The SMSF Professionals’ Association of Australia (SPAA) has voiced strong opposition to permitting the prudential regulator to apply prudential principles to the SMSF sector.
The move for the Australian Prudential Regulation Authority (APRA) to regulate SMSFs was “wilfully ignorant” of how the sector operated, SPAA said.
“The simple fact is APRA’s mandate under the Superannuation Industry (Supervision) legislation is to regulate funds solely on a prudential basis,” SPAA chief executive Andrea Slattery said.
“The reason for this level of control is to ensure trustees who are removed from fund members have substantial and robust systems in place to protect those members’ interests.
“This differs to SMSFs that have a more detailed and technical oversight to ensure the amounts being accumulated for members is directed to the sole purpose of building retirement savings.”
Slattery’s comments were made in response to a survey presented at the recent Association of Superannuation Funds of Australia conference that revealed 75.5 per cent of respondents would prefer APRA to be the single regulator for all types of super funds.

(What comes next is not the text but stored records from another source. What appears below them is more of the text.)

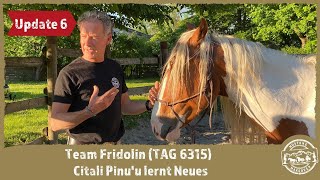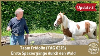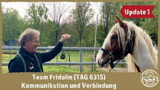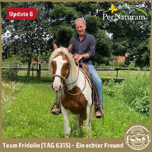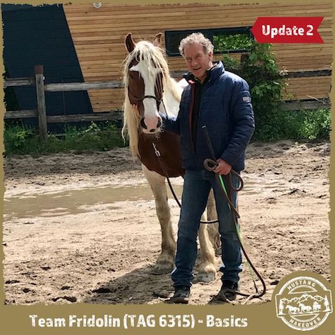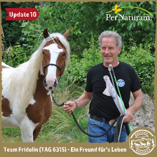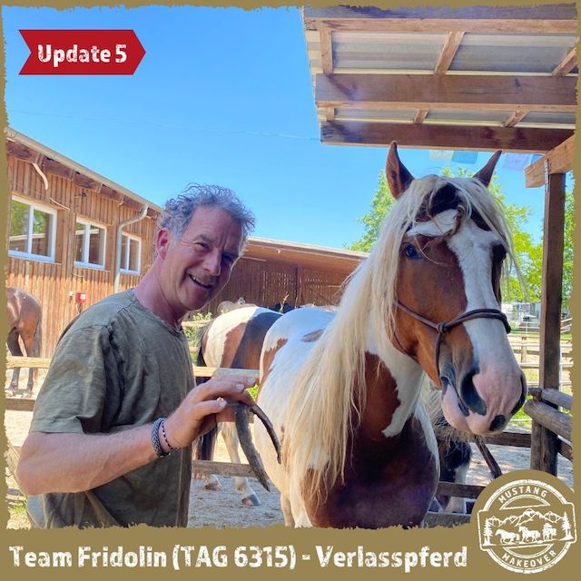 "TAG 6315 ging nach knapp 2 Wochen in die Herde. Jetzt steht er mit 8 Pferden zusammen im Bewegungsstall und geht mit allen auf die Koppeln. Er hat sich gleich eine ranghohe Stellung verschafft und kann jetzt fressen wo er will. Er lässt sich einfangen, das Halfter anlegen und herumführen. Beim Führen im Freien ist er noch etwas zögerlich. Aber vollkommen unaufgeregt. Im Training ist er sehr gelassen, gestern konnte ich ihm die Mähne striegeln. Die Bürste akzeptiert er schon am ganzen Körper. Nur die Füße. Die schützt er noch und gibt sie noch nicht freiwillig her. Aber Berührung mit dem Stick kann er schon ertragen." Fridolin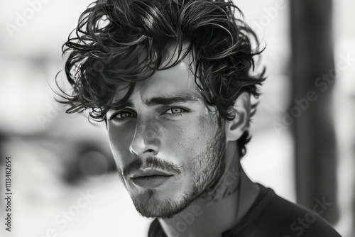 haircut, style, barbershop, guy, portrait, black, white, young, man, curly, hair, intense, gaze, thoughtful, closeup, monochrome, photogenic, model, introspection, expression, stylish, depth, male, photo, texture, contrast, facial, serene, serious, contemplative, dramatic, charming, background, artistic, soft, lighting, greyscale, fashion, adult, captivating, natural, profile, mood, fine, art, image, expressionist, soulful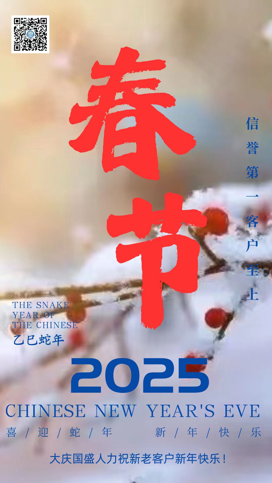 鞭炮聲聲,喚醒了沉睡的新年;瑞雪飄飄,帶來了新春的祝福。在這辭舊迎新的美好時(shí)刻,大慶市國(guó)盛人力資源管理有限公司向一直以來支持和信任我們的客戶、合作伙伴,以及每一位關(guān)注我們的朋友,致以最誠摯的新年祝福!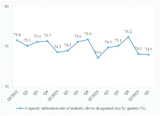 China’s quarterly above-scale industrial capacity utilization rate from 2022 to 2025.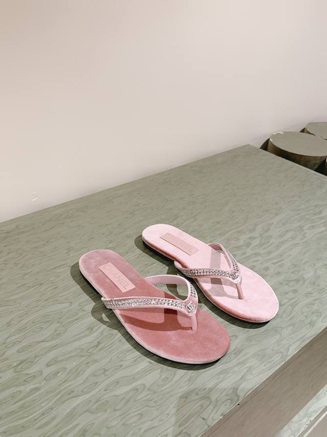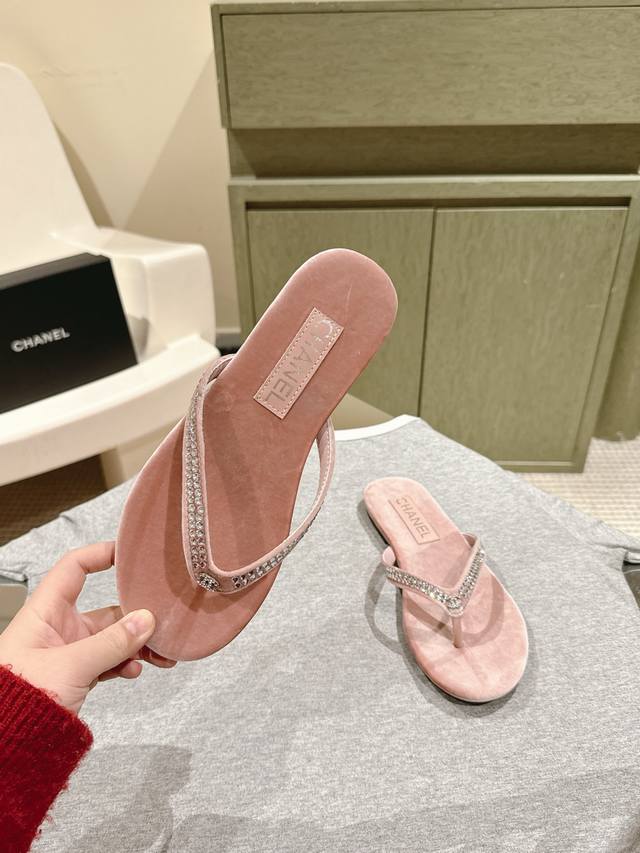 / 香奈儿大爆款!专柜 正品级 版本!选用手工烫钻珍珠人字拖鞋!垫脚:进口天鹅绒面大底:原版意大利真皮大底码数:35-39 34 40 41 定做 专柜同步礼盒包装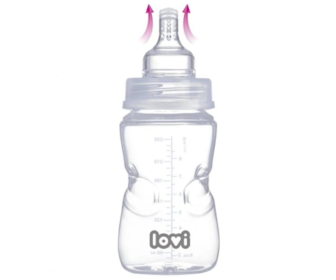 Equipado con tetina dinámica Super Vent, con conductos internos que regulan el flujo de la leche y la presión en la tetina.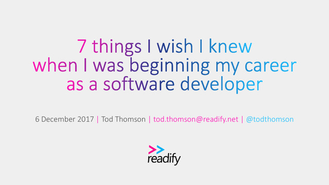 own career 02 Everything you learned at university is wrong (clickbait) 04 The super-power that is "plain text" 07 Don't program for yourself, program for the next person (or 3am you) 05 Never forget the Prime Directive… How to win at interviews 03 Learn you some JavaScript (and Functional Programming) for great good! 06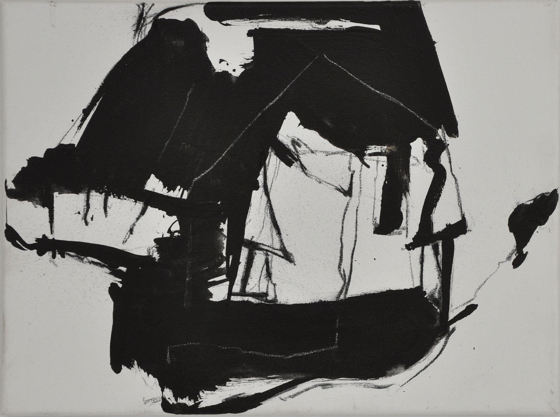 Ein Zelt, ein Gehöft, eine Burg-Ruine. Eine Skihütte – vielleicht schwankend über einem Abhang. In den Behausungen von Max Hari beginnt auch unser Auge zu schwanken. Balanciert zwischen den Perspektiven, tastet sich vorsichtig fragend an die Formen heran. Folgt hier einer Linie, gräbt sich dort durch schwarze Farbmassive, um wiederum in einer Öffnung zu landen; zu entdecken, zu begreifen.

The Wallis report recognised small funds, where the fund member and trustee typically overlapped, required a unique approach to achieve the same regulatory outcome as the larger publicly available funds, Slattery said.
“This is the same as the Corporations [Act] where there are different requirements for public and private companies,” she said, adding APRA’s influence on prudential principles in the SMSF sector would result in significant changes in non-compliance as prudential supervision was general and broad based.
“This only works when large funds are involved due to their magnitude and scale of operation.
“It also ignores the fact that the current regulator, the Australian Taxation Office, is one of the premier government agencies that competently operates in a high-volume processing environment – when you consider there are more than half a million SMSFs, that’s exactly the type of agency that’s required for SMSFs.”